# WHAT YOU HAVE TO DO
The result should be a word-for-word retyping of the entries below, free of pictures.

******

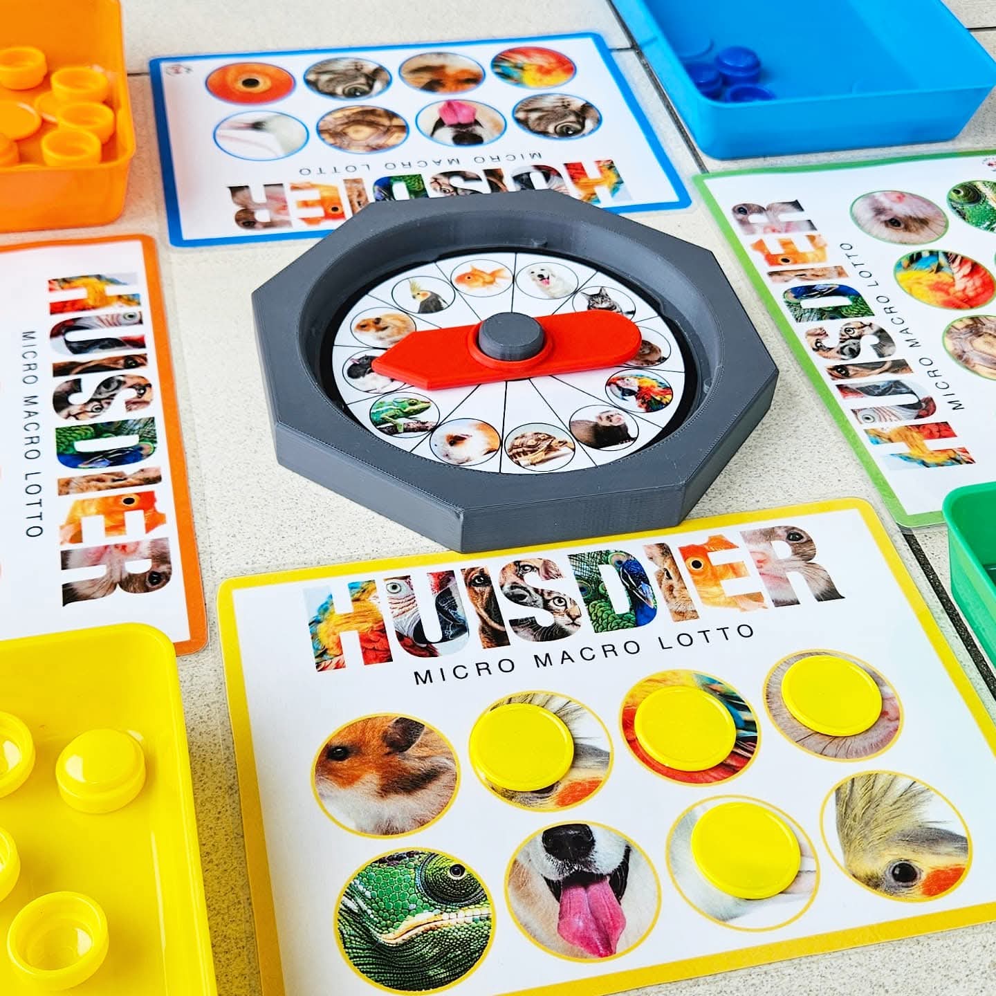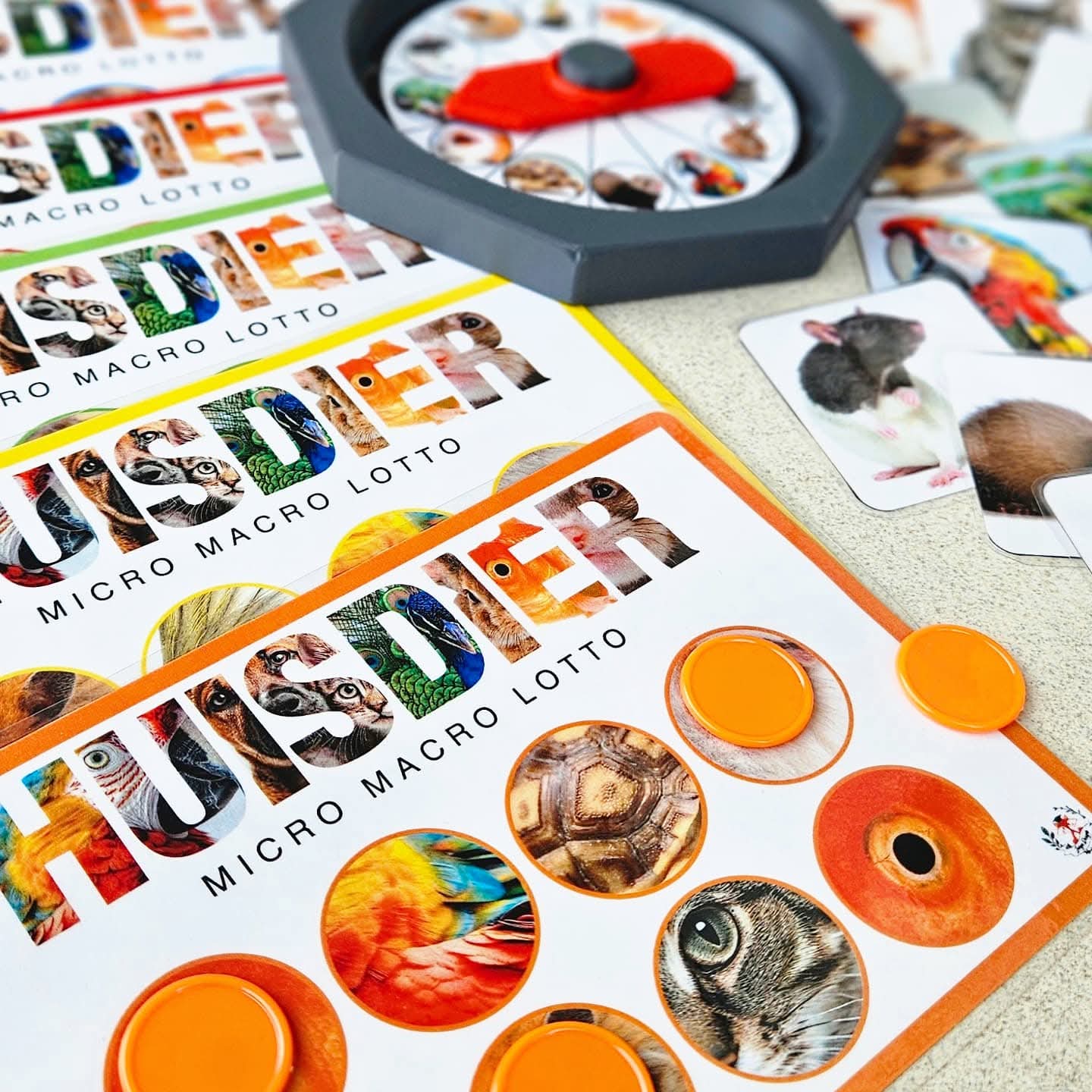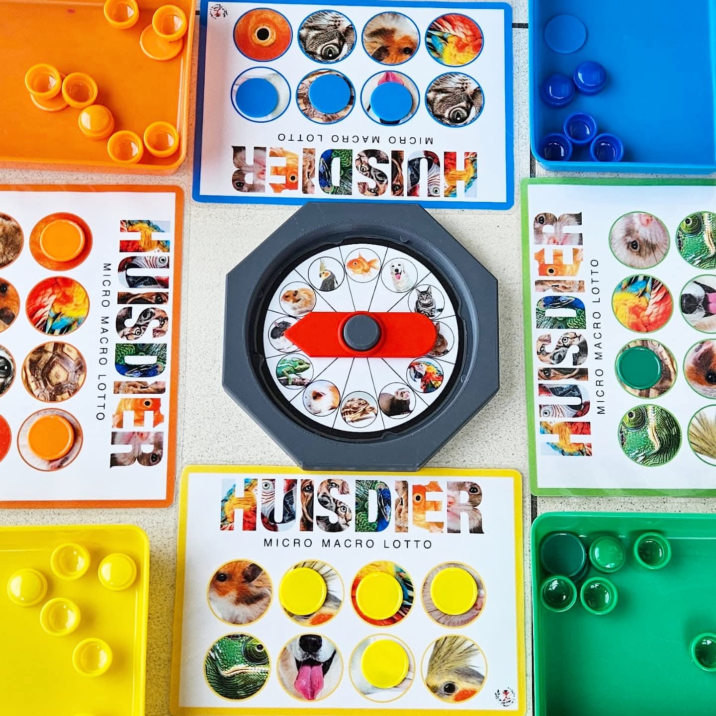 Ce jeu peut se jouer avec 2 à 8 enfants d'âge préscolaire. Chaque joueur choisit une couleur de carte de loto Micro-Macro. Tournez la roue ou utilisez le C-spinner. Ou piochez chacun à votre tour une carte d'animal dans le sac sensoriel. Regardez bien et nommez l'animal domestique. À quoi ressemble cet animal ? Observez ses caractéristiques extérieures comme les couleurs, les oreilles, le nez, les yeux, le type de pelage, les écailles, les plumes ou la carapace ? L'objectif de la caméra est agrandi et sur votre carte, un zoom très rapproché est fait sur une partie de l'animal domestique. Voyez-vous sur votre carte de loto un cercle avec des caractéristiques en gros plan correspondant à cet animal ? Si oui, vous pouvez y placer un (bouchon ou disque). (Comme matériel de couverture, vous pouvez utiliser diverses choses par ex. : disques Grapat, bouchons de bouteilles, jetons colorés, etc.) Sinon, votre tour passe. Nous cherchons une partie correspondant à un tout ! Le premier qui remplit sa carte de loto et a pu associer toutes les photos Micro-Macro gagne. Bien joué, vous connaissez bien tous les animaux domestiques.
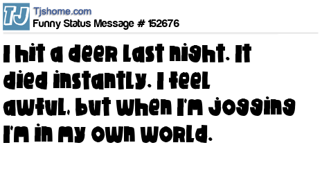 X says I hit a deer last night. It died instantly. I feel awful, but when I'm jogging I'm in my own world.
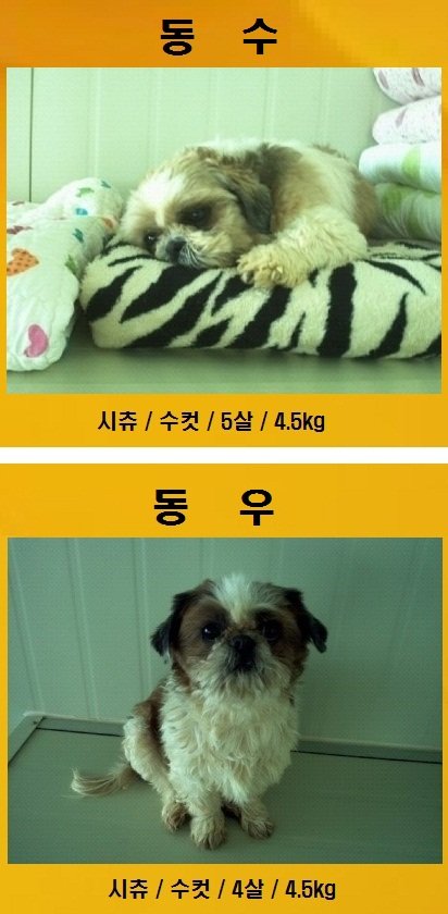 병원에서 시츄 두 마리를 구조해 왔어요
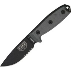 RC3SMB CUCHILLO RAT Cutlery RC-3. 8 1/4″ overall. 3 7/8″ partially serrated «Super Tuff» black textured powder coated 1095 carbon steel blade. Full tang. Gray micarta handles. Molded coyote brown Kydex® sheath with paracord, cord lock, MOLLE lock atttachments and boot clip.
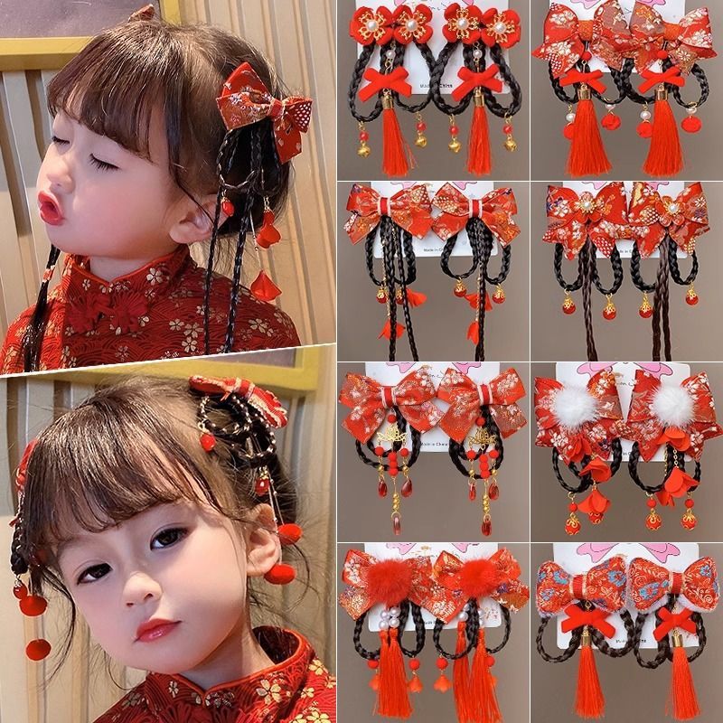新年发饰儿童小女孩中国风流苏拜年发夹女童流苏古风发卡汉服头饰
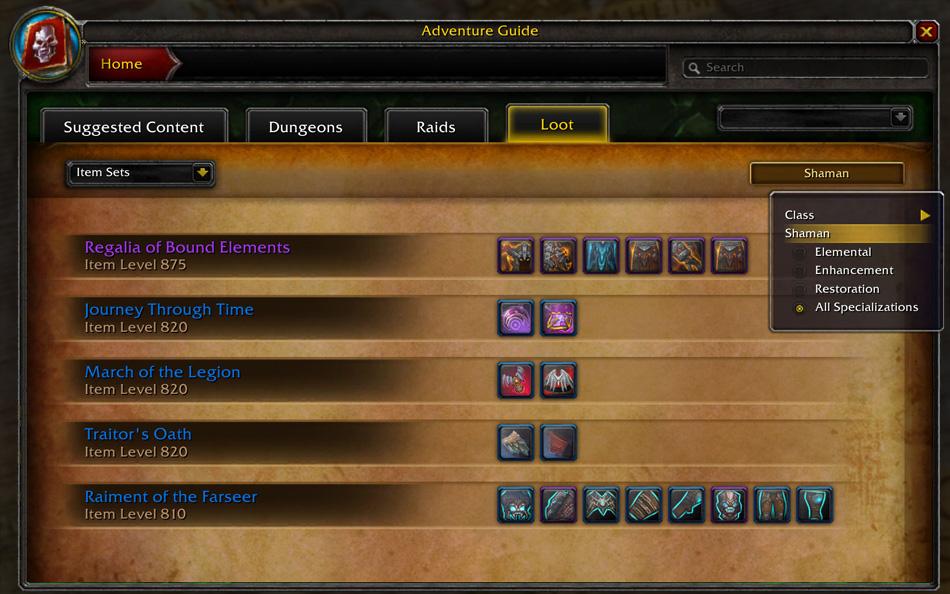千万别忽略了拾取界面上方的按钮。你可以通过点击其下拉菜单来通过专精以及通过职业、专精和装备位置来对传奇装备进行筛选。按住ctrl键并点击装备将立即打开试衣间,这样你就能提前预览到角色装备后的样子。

******

# SOLUTION
 Ce jeu peut se jouer avec 2 à 8 enfants d'âge préscolaire. Chaque joueur choisit une couleur de carte de loto Micro-Macro. Tournez la roue ou utilisez le C-spinner. Ou piochez chacun à votre tour une carte d'animal dans le sac sensoriel. Regardez bien et nommez l'animal domestique. À quoi ressemble cet animal ? Observez ses caractéristiques extérieures comme les couleurs, les oreilles, le nez, les yeux, le type de pelage, les écailles, les plumes ou la carapace ? L'objectif de la caméra est agrandi et sur votre carte, un zoom très rapproché est fait sur une partie de l'animal domestique. Voyez-vous sur votre carte de loto un cercle avec des caractéristiques en gros plan correspondant à cet animal ? Si oui, vous pouvez y placer un (bouchon ou disque). (Comme matériel de couverture, vous pouvez utiliser diverses choses par ex. : disques Grapat, bouchons de bouteilles, jetons colorés, etc.) Sinon, votre tour passe. Nous cherchons une partie correspondant à un tout ! Le premier qui remplit sa carte de loto et a pu associer toutes les photos Micro-Macro gagne. Bien joué, vous connaissez bien tous les animaux domestiques.
 X says I hit a deer last night. It died instantly. I feel awful, but when I'm jogging I'm in my own world.
 병원에서 시츄 두 마리를 구조해 왔어요
 RC3SMB CUCHILLO RAT Cutlery RC-3. 8 1/4″ overall. 3 7/8″ partially serrated «Super Tuff» black textured powder coated 1095 carbon steel blade. Full tang. Gray micarta handles. Molded coyote brown Kydex® sheath with paracord, cord lock, MOLLE lock atttachments and boot clip.
新年发饰儿童小女孩中国风流苏拜年发夹女童流苏古风发卡汉服头饰
千万别忽略了拾取界面上方的按钮。你可以通过点击其下拉菜单来通过专精以及通过职业、专精和装备位置来对传奇装备进行筛选。按住ctrl键并点击装备将立即打开试衣间,这样你就能提前预览到角色装备后的样子。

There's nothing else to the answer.